New York State senators convened a joint hearing on maternal mortality and morbidity in a session dominated by state Department of Health officials, clinicians and community advocates who said most pregnancy‑related deaths in the state are preventable and urged faster implementation of programs and investments to close racial and geographic gaps.
The hearing opened with New York State Senator Leah Webb, chair of the Senate Committee on Women's Issues, who framed the session around recent state data and the heavy toll borne by Black birthing people. Joanne Morne, Executive Deputy Commissioner of the New York State Department of Health, and Dr. Kirsten Siegenthaler, director of the Division of Family Health, presented the department's overview of programs already in place and the limits those programs face.

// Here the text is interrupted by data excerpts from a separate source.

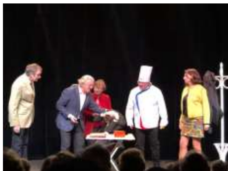
Les acteurs de Gaz à tous les étages

La Compagnie « Gaz à Tous les Etages » a donné deux représentations au Théâtre du Petit Parmentier à Neuilly sur Seine au profit de l'Association Honduras Croissance.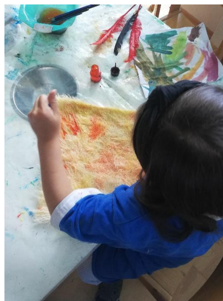
Slika 19. Izrada kostima - lisica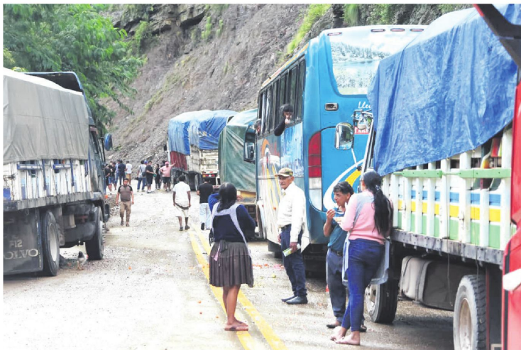
La ABC restringió el tránsito de vehículos de alto tonelaje y esto generó preocupación de productores.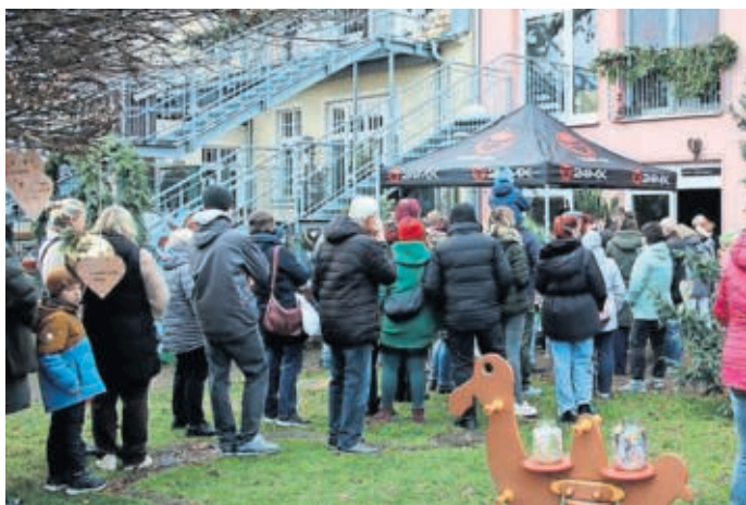
Schlange stehen gehört fast schon zum Ritual, zeigt aber, wie gut angenommen die Veranstaltung wird.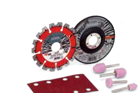
Schneid- und Schleifmittel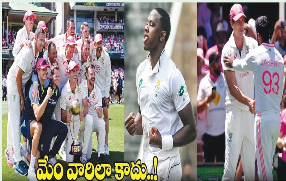
మేం వారిలా కాదు..!

హైదరాబాద్ పెన్ పవర్: పదేళ్ల తరువాత బోర్డర్-గవాస్కర్ ట్రోఫీని గెలుకున్న ఆస్ట్రేలియా.. పరుసగా రెండో సారి దక్షిణాఫ్రికా (%బొజ%) పైనల్ చేరిన విషయం తెలిసిందే. ఈ ఏడాది జూన్ లో జరిగే పైనల్లో దక్షిణాఫ్రికాతో తలపడనుంది. ఇంగ్లాండ్ లోని ఐకానిక్ లార్డ్స్ వేదికగా ఇరు జట్లు గడ కోసం పోరాడనున్నాయి. ఈ క్రమంలో కమ్మిన్స్ సేనకు సఫారీ పేసర్ రబదా హెచ్చరికలు పంపాడు. ఆస్ట్రేలియాను ఎలా ఓడించాలో తమకు బాగా తెలుసని అన్నాడు. "దక్షిణాఫ్రికా %జం% ఆస్ట్రేలియా.. ఇరు జట్ల మధ్య ఎప్పుడూ తీవ్రమైన పోటీ ఉంటుంది. మైదానంలో ఇరు జట్ల ప్లేయర్లు ఒకేలా కష్టపడతారు. మ్యూచ్ పై పైచేయి సాధించాలన్న కని ప్రతి సంధ్యల్లోనూ కనిపిస్తుంది. వారిపై ఎలా ఒత్తిడి పెంచాలో మాకు తెలుసు.. వారిని ఎలా ఓడించాలో కూడా మాకు తెలుసు.." అని రబదా అన్నాడు. దక్షిణాఫ్రికా గత ఏడాదిలో తమ ప్రదర్శనతో అందరినీ ఆశ్చర్యపరిచింది. స్వదేశంలోపాటు విదేశీ సిరీస్ లను గెలుచుకుంది. రెండు మ్యాచ్ ల సిరీస్ లో దక్షిణాఫ్రికా పైనల్ కు చేరాంటే తొలి టెస్టులో పాకిస్థాన్ ను ఓడించింది. కానీ, ఏకంగా వైట్ -వాష్ చేసి మన పొరుగు దేశపు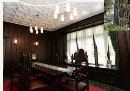
▲漆喰で立体的な装飾が天井に施された食堂(1階)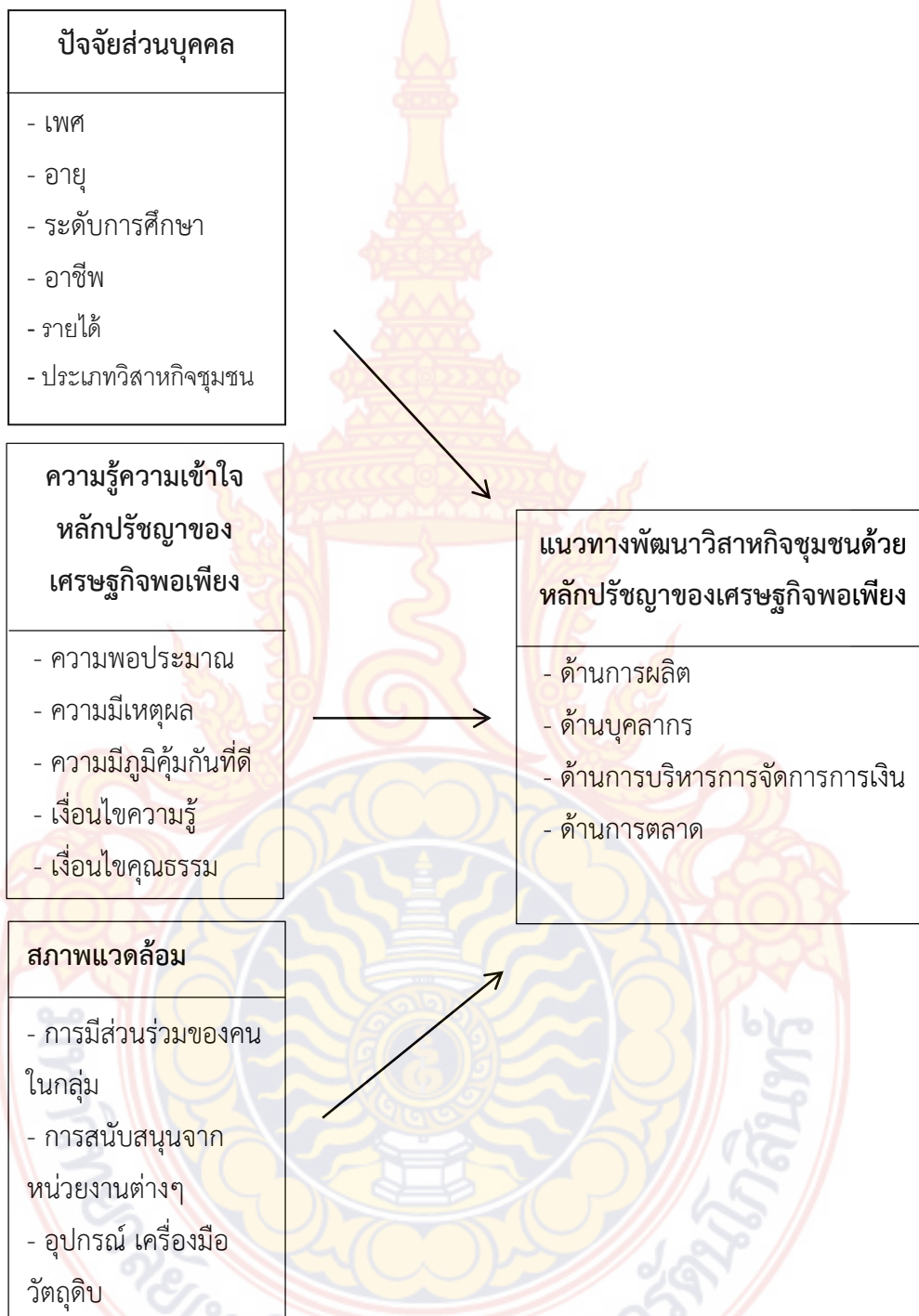
ภาพที่ 2.1 กรอบแนวความคิดแนวทางการพัฒนาวิสาหกิจชุมชนด้วยหลักปรัชญาของเศรษฐกิจพอเพียง: กรณีศึกษา ตำบลห้วยสัตว์ใหญ่ อำเภอหัวหิน จังหวัดประจวบคีรีขันธ์

การวิจัยเรื่องแนวทางการพัฒนาวิสาหกิจชุมชนด้วยหลักปรัชญาของเศรษฐกิจพอเพียง : กรณีศึกษา ตำบลห้วยสัตว์ใหญ่ อำเภอหัวหิน จังหวัดประจวบคีรีขันธ์ โดยมีกรอบแนวความคิดในดังภาพที่ 2.1

The numbers cited at the hearing underscored the officials' urgency. Department staff said a CDC‑supported review of 2018–2020 data identified 386 pregnancy‑associated deaths in New York; of those, 121 were classified as pregnancy‑related. Department figures presented at the hearing showed Black people accounted for roughly 14.3 percent of live births but about 42.1 percent of pregnancy‑related deaths in that period. The department and legislators repeatedly described roughly three‑quarters of pregnancy‑related deaths as having some or good likelihood of being preventable.
Why it matters: senators and witnesses said prevention requires both clinical quality improvement and broader social‑services investments. “There is a critical influence of economic, societal, and environmental factors on maternal health,” Morne told the committee, listing workforce…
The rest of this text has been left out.